United’s 787 Fauxlaris shows glimmers of promise through dark spots

With ongoing seat production delays affecting deliveries of the United Boeing 777-300ER fleet and its new Polaris hard product, and the timetable for production of the Zodiac-produced seat under question, the airline will be offering “Fauxlaris” — the Polaris soft product with seats over a decade old — for quite some time to come.

There’s a lot to like about the bits of Polaris that shine through this older product on the Boeing 787 Dreamliner, which I flew on a “pink-eye” Fauxlaris flight from LA to London in March: long enough that you can actually get a decent night’s sleep, but departing early enough (at 5:55pm) that a comfortable bed is crucial to getting an early night’s sleep.

I was impressed that United offers a premium access fast-track section of its LAX terminal, but it was odd that, when the terminal itself was quite busy, there was only one agent helping passengers, despite several sitting around at the various service desks. Perhaps some cross-training or passenger flow prediction work could be helpful for staffing here.

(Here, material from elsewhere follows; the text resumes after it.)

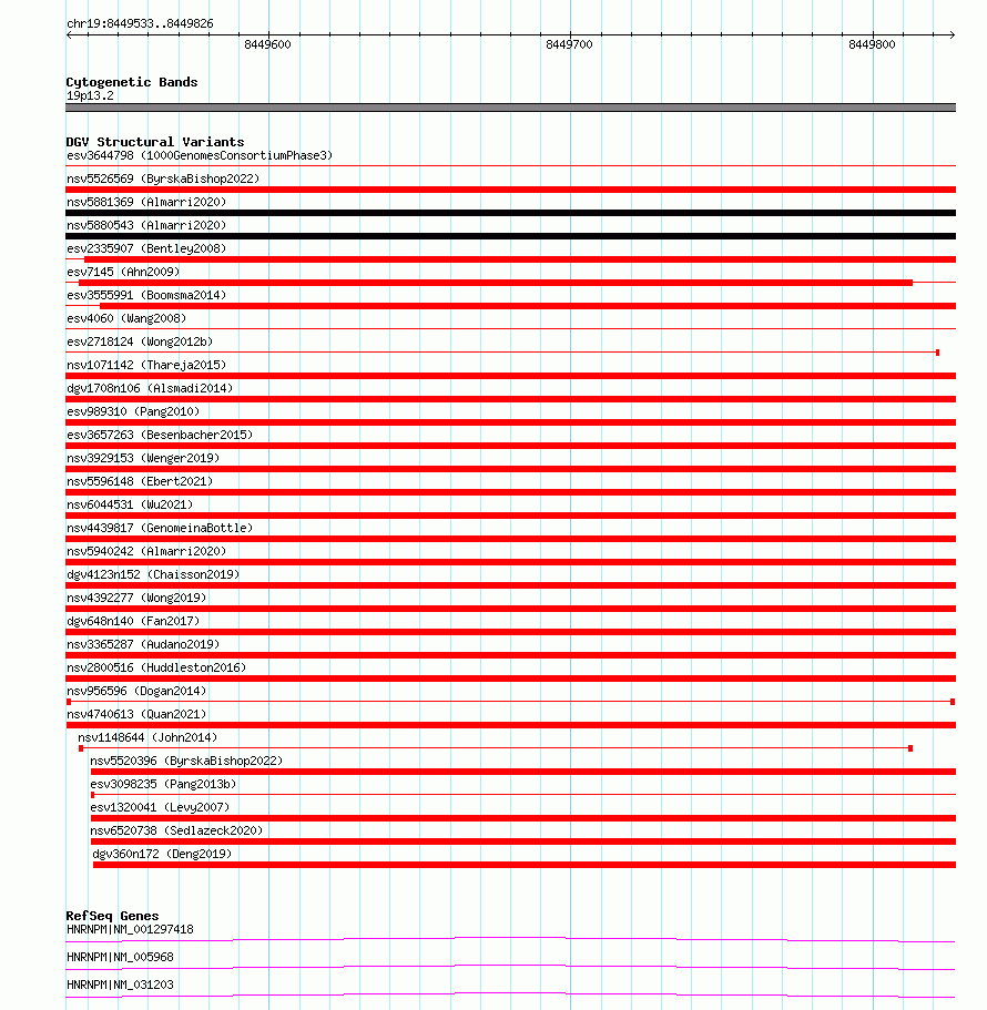 Variant DetailsVariant: nsv956596| Internal ID | 17305469 | | Landmark | | | Location Information | | | Cytoband | 19p13.2 | | Allele length | | Assembly | Allele length | | hg38 | 294 | | hg19 | 294 |

A premium checkin is all very well, but it also needs checkin agents. Image: John Walton

After a brief stop in the relatively unimpressive United Club — not bad for North America, but sub-par in terms of pre-flight food and beverage options for the route, given the excellent lounges in the Tom Bradley International Terminal — I headed to the gate, which was at least close in on the stubby pier.

LAX was its usual construction zone, with exposed work in progress and industrial plastic-bagging worthy of La Guardia in the undersized boarding zone. United could do some work on rationalising the space available, queueing system and seating spaces. I can’t imagine it would be very pleasant to sit facing a fellow traveller’s queueing buttocks for the lengthy amount of time the queue took.

Move over La Guardia, LAX is coming for your #PaxEx reputation. Image: John Walton

So, as I boarded, I was feeling like the whole experience was rather under par given the competition, but on board I was surprised to see the windows fully dimmed on what was only a slightly warm spring day, with the LED lights blaring on full bright white.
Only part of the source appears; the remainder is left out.